**YOUR GOAL**
Give again, word for word, the lines below that run from the line with "Table Tennis Table" through the line with "Caption: Sewa volunteers conduct". Drop the pictures.

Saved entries
══════════════════════════════
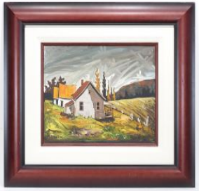
Lot # 156
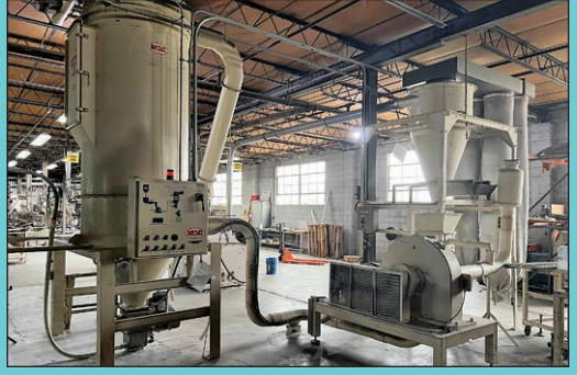
40 HP MAC Pulverizer w/ Cyclone Dust Collector & Mac

Conair Model 610013 Three-Part Blender Conair Model SL03299 Three-
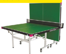
Table Tennis Table £372.00 Product Code: D46144
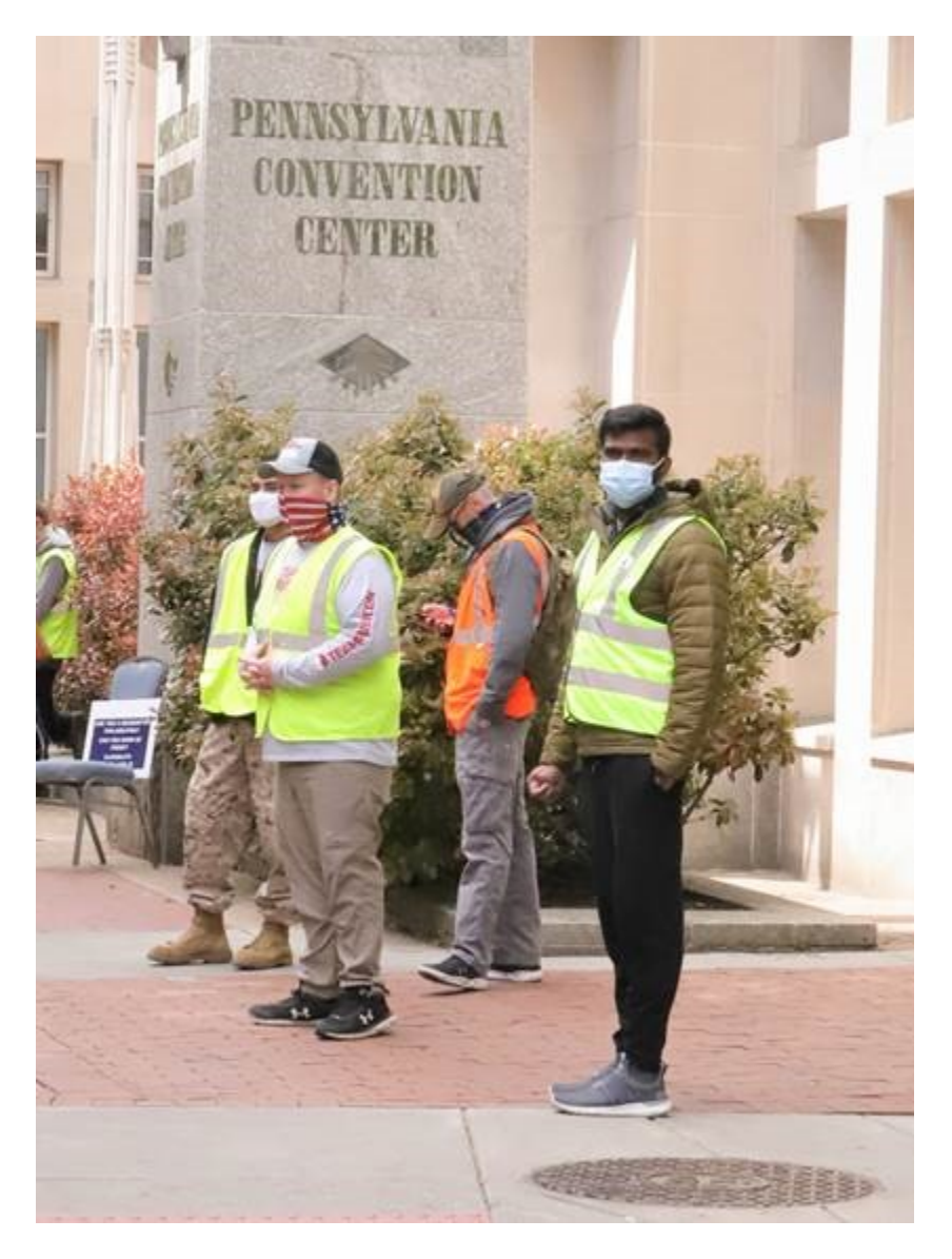
Caption: Sewa volunteers work alongside other volunteer organizations, like Team Rubicon, as well as the Pennsylvania National Guard to support the Center City Vaccination Center.

Caption: Sewa volunteers conduct community outreach by canvassing in neighborhoods across Philadelphia to spread awareness about the Esperanza Community Vaccination Center and Center City Vaccination Center in Philadelphia, PA.
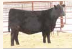
MATERNAL SISTER MISS WIX 2019 OF MC CUMBER

Selling 2/3 interest and full possession - Recommended for use on heifers - A thick, deep bodied, wide based calving ease, cow-maker right from the ET program. 3175 has all the best cows up front in his pedigree. He started at just 66 lbs. and has a CED of +14 and a BW EPD of -1.4. He is moderate framed, easy fleshing and combines this with above average carcass data. His dam is Miss Wix 2002 of Mc Cumber, who along with her flush sister Miss Wix 2003 of Mc Cumber and Miss Wix 2012 of Mc Cumber will go down as 3 of the most impactful females ever at Mc Cumber Angus. The fertility, productivity and longevity they possess and pass on will have a lasting impact on our program.
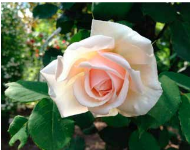
'Comtesse de Noghera'
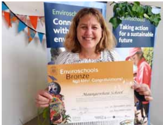
Enviroschools presentation, Western Springs Garden Community Hall
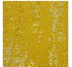
4236-06 ANTICA MI - SOUFRE
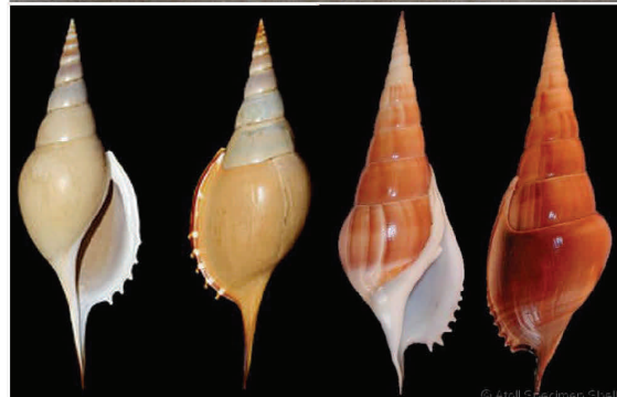
Figure 6. Top: Calyptrophorus stamineus (Conrad, 1856) from the Moodys Branch Formation (38 million years old) in pile borings at the construction site of the Museum of Mississippi History in Jackson, Mississippi. Web images: Bottom left: Living relative from the Japan and South China Sea, Tibia martinii Marrat, 1877. Bottom right: Living relative from the North Indian Ocean and Red Sea, Tibia insulaechorab Roding, 1798.
══════════════════════════════
**EXERCISE RESPONSE**
Table Tennis Table £372.00 Product Code: D46144
Caption: Sewa volunteers work alongside other volunteer organizations, like Team Rubicon, as well as the Pennsylvania National Guard to support the Center City Vaccination Center.

Caption: Sewa volunteers conduct community outreach by canvassing in neighborhoods across Philadelphia to spread awareness about the Esperanza Community Vaccination Center and Center City Vaccination Center in Philadelphia, PA.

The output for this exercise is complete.